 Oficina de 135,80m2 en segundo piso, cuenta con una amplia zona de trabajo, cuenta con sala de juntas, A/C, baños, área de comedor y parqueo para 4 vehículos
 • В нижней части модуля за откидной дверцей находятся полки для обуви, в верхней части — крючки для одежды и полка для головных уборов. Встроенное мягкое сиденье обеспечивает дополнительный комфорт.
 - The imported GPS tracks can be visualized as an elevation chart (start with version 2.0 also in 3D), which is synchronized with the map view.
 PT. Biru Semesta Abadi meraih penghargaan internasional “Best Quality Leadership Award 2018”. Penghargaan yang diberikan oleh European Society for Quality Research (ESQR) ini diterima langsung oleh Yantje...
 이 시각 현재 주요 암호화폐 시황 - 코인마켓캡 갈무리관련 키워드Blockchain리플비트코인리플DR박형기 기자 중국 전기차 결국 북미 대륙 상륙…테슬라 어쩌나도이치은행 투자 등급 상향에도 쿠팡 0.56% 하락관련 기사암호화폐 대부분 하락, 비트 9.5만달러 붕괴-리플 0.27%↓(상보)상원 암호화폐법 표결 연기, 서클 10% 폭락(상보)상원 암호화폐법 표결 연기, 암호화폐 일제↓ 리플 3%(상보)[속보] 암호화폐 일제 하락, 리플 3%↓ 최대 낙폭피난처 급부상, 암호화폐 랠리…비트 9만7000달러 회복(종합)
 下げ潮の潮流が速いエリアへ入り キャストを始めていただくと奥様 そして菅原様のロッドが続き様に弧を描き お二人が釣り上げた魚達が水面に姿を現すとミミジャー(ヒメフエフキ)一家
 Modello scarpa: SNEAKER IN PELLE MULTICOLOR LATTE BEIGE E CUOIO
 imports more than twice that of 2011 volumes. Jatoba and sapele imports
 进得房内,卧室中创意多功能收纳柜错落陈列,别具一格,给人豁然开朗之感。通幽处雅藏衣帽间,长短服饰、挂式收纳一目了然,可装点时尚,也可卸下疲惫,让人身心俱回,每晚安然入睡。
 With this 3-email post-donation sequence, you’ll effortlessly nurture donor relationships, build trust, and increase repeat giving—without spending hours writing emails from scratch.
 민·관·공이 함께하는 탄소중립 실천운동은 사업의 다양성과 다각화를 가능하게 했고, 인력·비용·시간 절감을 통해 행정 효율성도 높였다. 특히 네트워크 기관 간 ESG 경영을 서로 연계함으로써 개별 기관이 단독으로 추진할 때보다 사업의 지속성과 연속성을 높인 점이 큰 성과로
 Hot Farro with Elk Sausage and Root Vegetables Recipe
§
REQUIRED WORK
Every line of the data must appear again in the answer, exactly as written.

ANSWER SPACE
 Oficina de 135,80m2 en segundo piso, cuenta con una amplia zona de trabajo, cuenta con sala de juntas, A/C, baños, área de comedor y parqueo para 4 vehículos
 • В нижней части модуля за откидной дверцей находятся полки для обуви, в верхней части — крючки для одежды и полка для головных уборов. Встроенное мягкое сиденье обеспечивает дополнительный комфорт.
 - The imported GPS tracks can be visualized as an elevation chart (start with version 2.0 also in 3D), which is synchronized with the map view.
 PT. Biru Semesta Abadi meraih penghargaan internasional “Best Quality Leadership Award 2018”. Penghargaan yang diberikan oleh European Society for Quality Research (ESQR) ini diterima langsung oleh Yantje...
 이 시각 현재 주요 암호화폐 시황 - 코인마켓캡 갈무리관련 키워드Blockchain리플비트코인리플DR박형기 기자 중국 전기차 결국 북미 대륙 상륙…테슬라 어쩌나도이치은행 투자 등급 상향에도 쿠팡 0.56% 하락관련 기사암호화폐 대부분 하락, 비트 9.5만달러 붕괴-리플 0.27%↓(상보)상원 암호화폐법 표결 연기, 서클 10% 폭락(상보)상원 암호화폐법 표결 연기, 암호화폐 일제↓ 리플 3%(상보)[속보] 암호화폐 일제 하락, 리플 3%↓ 최대 낙폭피난처 급부상, 암호화폐 랠리…비트 9만7000달러 회복(종합)
 下げ潮の潮流が速いエリアへ入り キャストを始めていただくと奥様 そして菅原様のロッドが続き様に弧を描き お二人が釣り上げた魚達が水面に姿を現すとミミジャー(ヒメフエフキ)一家
 Modello scarpa: SNEAKER IN PELLE MULTICOLOR LATTE BEIGE E CUOIO
 imports more than twice that of 2011 volumes. Jatoba and sapele imports
 进得房内,卧室中创意多功能收纳柜错落陈列,别具一格,给人豁然开朗之感。通幽处雅藏衣帽间,长短服饰、挂式收纳一目了然,可装点时尚,也可卸下疲惫,让人身心俱回,每晚安然入睡。
 With this 3-email post-donation sequence, you’ll effortlessly nurture donor relationships, build trust, and increase repeat giving—without spending hours writing emails from scratch.
 민·관·공이 함께하는 탄소중립 실천운동은 사업의 다양성과 다각화를 가능하게 했고, 인력·비용·시간 절감을 통해 행정 효율성도 높였다. 특히 네트워크 기관 간 ESG 경영을 서로 연계함으로써 개별 기관이 단독으로 추진할 때보다 사업의 지속성과 연속성을 높인 점이 큰 성과로
 Hot Farro with Elk Sausage and Root Vegetables Recipe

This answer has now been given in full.